Wauw... what is up with Kinsey. He looked like a star! Does he really have the talent to become a starter in this league?


----------



## bbasok (Oct 30, 2005)

lol 3 rookies and Hakim(soph.) started last night


----------



## Zuca (Dec 4, 2003)

Kapitalistsvin said:


> Wauw... what is up with Kinsey. He looked like a star! Does he really have the talent to become a starter in this league?


I'm also shocked with Kinsey actual performances! Seems that he is the new Grizzlies "Kobestopper"!


----------



## GNG (Aug 17, 2002)

If anything else, Kinsey's got some moxie, something this team has really never had.
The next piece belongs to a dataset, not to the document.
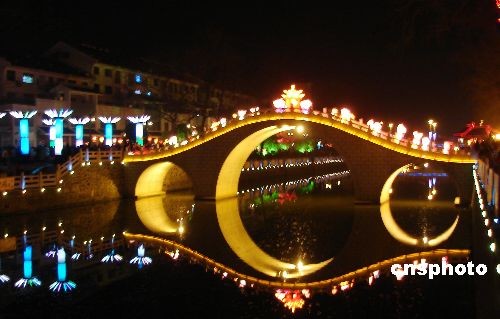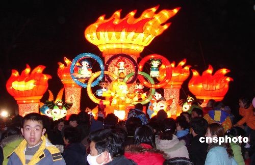2月19日,正月十三晚6時,江蘇儀征市華燈初放,古樓景觀區(qū)20多組彩燈在夜幕下交相輝映,顯得壯觀艷麗。當(dāng)晚儀征市10多人涌向燈展區(qū)觀燈。中新社發(fā) 黃建林 攝
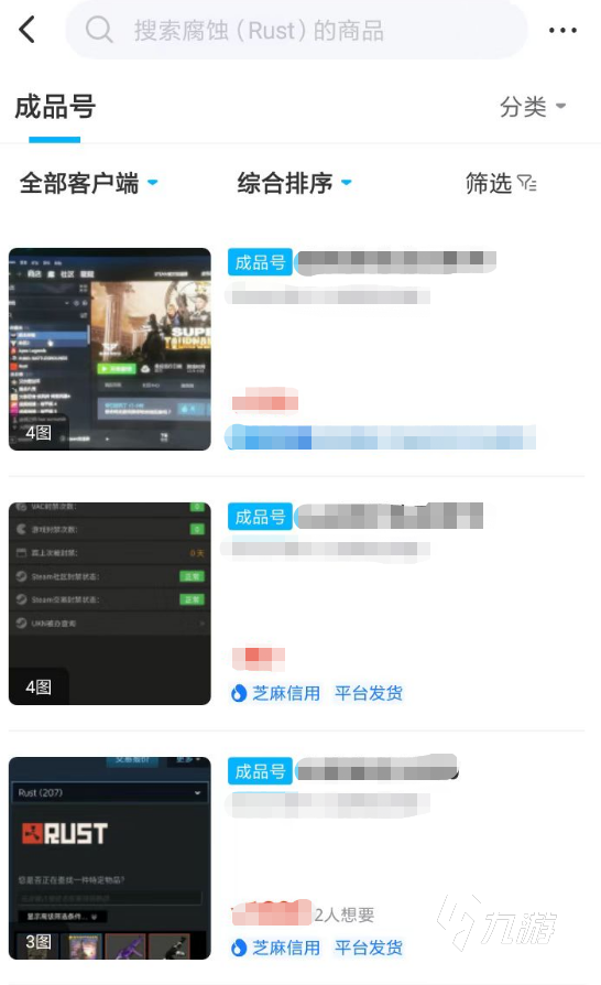 2、交易貓專門為rust的玩家準備了相關(guān)的交易專區(qū),在這里可以看到各種關(guān)于賬號的出售內(nèi)容,大家可以根據(jù)價格來進行判斷,同時每一個商品的詳情頁之中,也都會針對游戲賬號進行具體的描述,玩家們可以在參考的過程當中不斷進行對比,最終獲得一個滿意的游戲號。

Whether he's a starter in the future or not - I really did underestimate him.


----------



## Bartholomew Hunt (Mar 4, 2003)

Nice to see.. I'd be excited about next season too if I were a Grizzlies fan.


----------



## Kapitalistsvin (Mar 30, 2006)

Wauw... both Harrington and Kinsey keep impressing me. I can't wait till draftday and finally another Grizz season.


----------



## RoddneyThaRippa (Jun 28, 2003)

Kinsey is really nice. I wish the season was longer so I could see more of him.


----------



## hroz (Mar 4, 2006)

Yeah Rudy will be a talent you guys are lucky.

But Battier was needed.


----------



## Zuca (Dec 4, 2003)

Kinsey "Grizzlies Kobe Stopper" for ROY!


----------



## OneBadLT123 (Oct 4, 2005)

Rudy Gay reminds of of a Toronto Tmac right now. Just give they guy time...


----------